Imagine if today actually worked.
Imagine if all the words about atonement came true.
Imagine if we could wipe the slate clean.
* * *
As Yom Kippur begins this evening, there is confidence – follow the plan.
We are about to recite the Ya’aleh prayer that sketches out the roadmap for the day.
Its structure is simple – let our prayers rise up this evening, arrive at the heavens in the morning, and be manifest as the day comes to a close at Ne’ilah, the final service of Yom Kippur.
Later tonight, we wil chant “Mahar ya’aseh Adonai et-hadavar hezeh – Surely You [God] will do so tomorrow;” You will definitely forgive us.
Our forgiveness is going to be there, waiting for us like an Amazon Prime delivery… Well, except when they suddenly tell you that it’s a bit late…
The Talmud reinforces this paradigm by telling us the secret.
God states, Whenever the Jewish people sin, let them act before Me in accordance with this order.
Let the prayer leader wrap (himself) [themselves] in a prayer shawl and publicly recite the thirteen attributes of [My] mercy, and I will forgive them.” We know these attributes: “Adonai, Adonai, El Rahum V’hanun, the God of Compassion and Graciousness… (Rosh Hashanah 17b)
That’s it.
That’s clearly why we keep singing those 13 attributes over and over again – we know it’s the get-out-of-jail-free card, and we want to make sure we’ve used it correctly!
Tomorrow evening at Ne’ilah– we will chant a prayer poem entitled: “Leikh B’simhah,” whose refrain boasts – “Go forth joyfully, and with a full heart, partake of your meal and drink your wine.” (Moshe Ibn Ezra from Eccles. (9:7)
There is such confidence – we have prayed, we have repented, and we have fasted, so we’re good; let’s eat!
You have a clean slate.
This is why the tradition invites couples on the day of their wedding to fast until after the huppah (the wedding ceremony), to wear white, and to recite the Yom Kippur Amidah with its confessional – creating a pre-wedding mini-Yom Kippur – so you can start your new life together with a tabula rasa.
Easy-peasy.
* * *
But it’s not so easy.
In reality, we cannot just wipe away our missteps.
We can’t wash them away.
Even when we go through a serious process of asking for forgiveness which includes: awkwardly acknowledging the details of how we hurt someone else, apologizing for it, and promising not to do it ever again, some of the hurt remains.
We cannot remove all the pain. Often, we don’t even realize how someone else has experienced us or how our words have impacted them.
This is not easy.
Shakespeare describes this best when he has Lady Macbeth declare, “Out, damned spot! Out I say!” (Macbeth Act 5, Scene 1) There is no actual blood on her hands, but she has blood on her hands because of the guilt she bears.
Sin stays around and is not washed away so easily.
In the popular imagination – on television and in the movies – we can erase someone’s memory – think of The Good Place – or the neuralyzer pen from The Men in Black.

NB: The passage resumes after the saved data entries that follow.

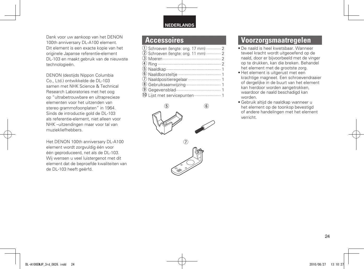 Dank voor uw aankoop van het DENON 100th anniversary DL-A100 element. Dit element is een exacte kopie van het originele Japanse referentie-element DL-103 en maakt gebruik van de nieuwste technologieën.
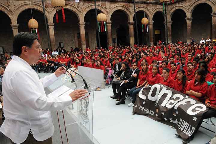 Ante más de mil jóvenes que este día asumieron su compromiso de aportar a Michoacán al llevar el servicio educativo a las comunidades más alejadas del estado, el gobernador Jesús Reyna García reiteró que en congruencia con la responsabilidad de otorgar una educación de calidad, la administración estatal aplicará las innovaciones de la Reforma Educativa para alcanzar un mejor lugar a nivel nacional en los indicadores de este rubro.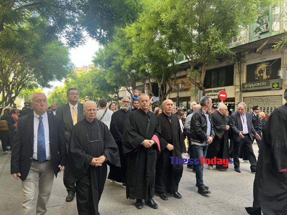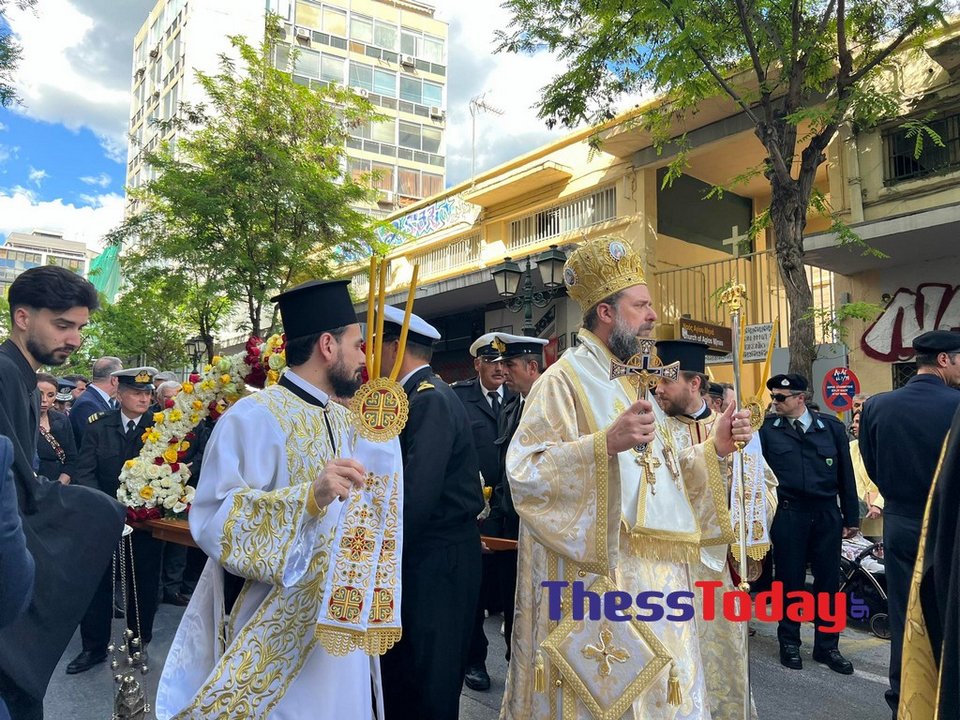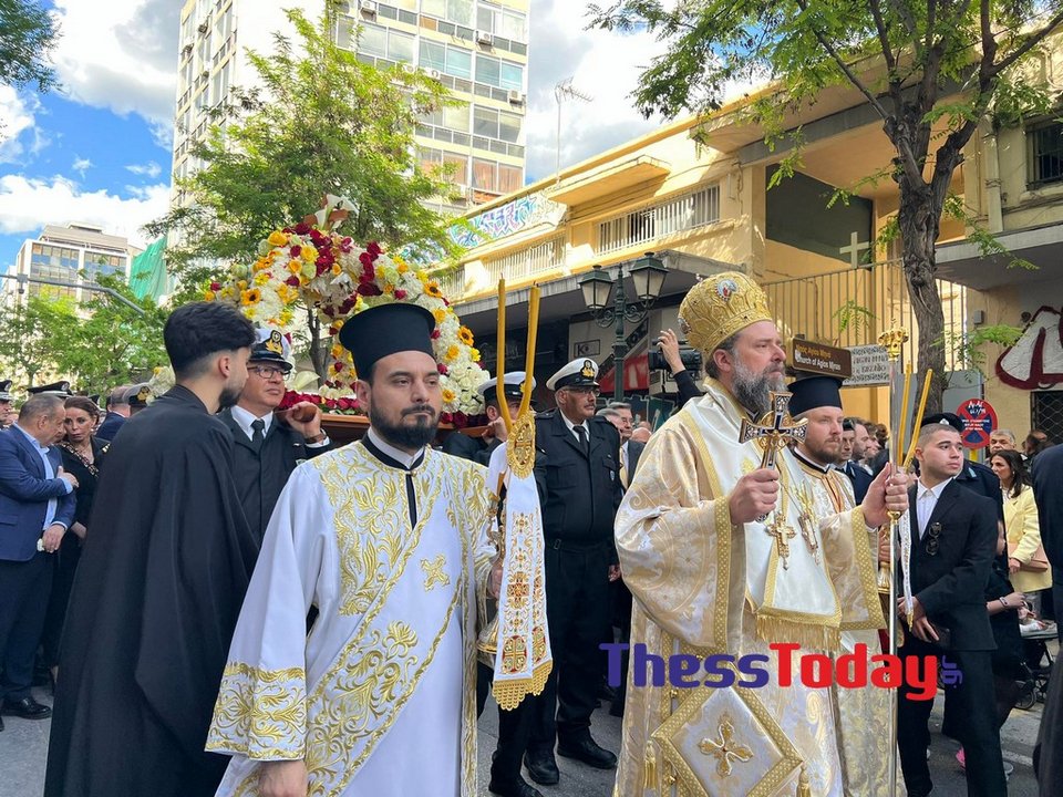 Η περιφορά ως είθισται, έγινε νωρίτερα από κάθε άλλη εκκλησία της πόλης, ώστε να την παρακολουθήσουν και οι εργαζόμενοι στα εμπορικά καταστήματα του κέντρου, τα οποία θα είναι σήμερα ανοιχτά μέχρι τις 19:00, όπως αναφέρει το thesstoday.gr.
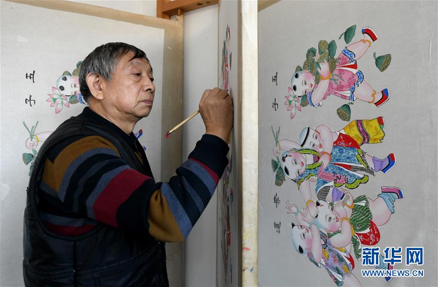 1月16日,霍庆顺在彩绘年画《五子夺莲》。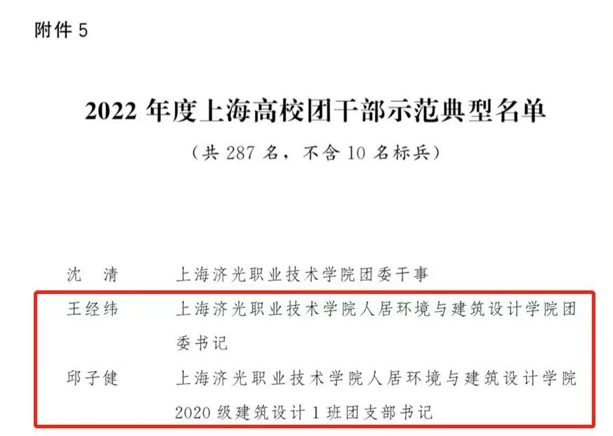 为表扬先进、树立典型,进一步增强示范引领,持续激发高校基层团组织、社团、团干部活力,共青团上海市委员会、上海市教育委员会经研究遴选,2023年1月发布《关于表扬2022年度上海高校、高中阶段学校活力团组织、活力社团、团干部示范典型的决定》,我院团委书记王经纬老师、2020级建筑设计1班团支部书记邱子健同学成功入选2022年度上海高校团干部示范典型名单!

But in real life, our memories and our misdeeds don’t really get erased.
Our errors, our sins, our transgressions, our missteps, they all remain with us. And they leave scars.
When I hurt someone, and even though I have apologized and we’ve talked it out, and I’ve been forgiven, the memory of the hurt is there.
For years.
* * *
I would like to posit that Yom Kippur does not actually work – at least not in its basic presentation.
Yom Kippur is not actual; it is aspirational.
Tonight, we are being invited on a journey not to fix everything. But to begin to explore an approach towards improving everything.
We are not going to wash everything away, we are going to examine.
We are going to consider what we can do to change in order to minimize the hurt we have caused.
That’s what this entire season is all about. We have been thinking, mulling over, and reflecting on our lives and our relationships, and today we take all of that, all of these memories, all of these feelings, all the pain and hurt, and we take them with us on this 24-hour journey.
Yom Kippur becomes the vessel to hold and explore what we have done, what we have said, and then we do not press a hard reset button, because we’re not phones, we’re people, fragile and complex.
Instead, we take all of that and see how we can work with it.
Maybe it’s more like an app that will be sending us constant reminders over the next day, and we need to follow a protocol and take action to reset our software so we can be better.
* * *
During the last couple of years and especially since my father’s death, and as my kids are growing up into young adults, I have been reflecting more than I have before.
What is truly important?
What do I regret?
I cannot go back and have those dinners I missed with my kids.
I cannot change the times I was too reactive.
But I can start to do better right now.
How have I changed since last Yom Kippur?
What can I still change?
That is the thought process we are invited into over these yamim noraim, these Days of Awe – an attempt to dive into our behaviors and revisit where we are, where we yearn to be.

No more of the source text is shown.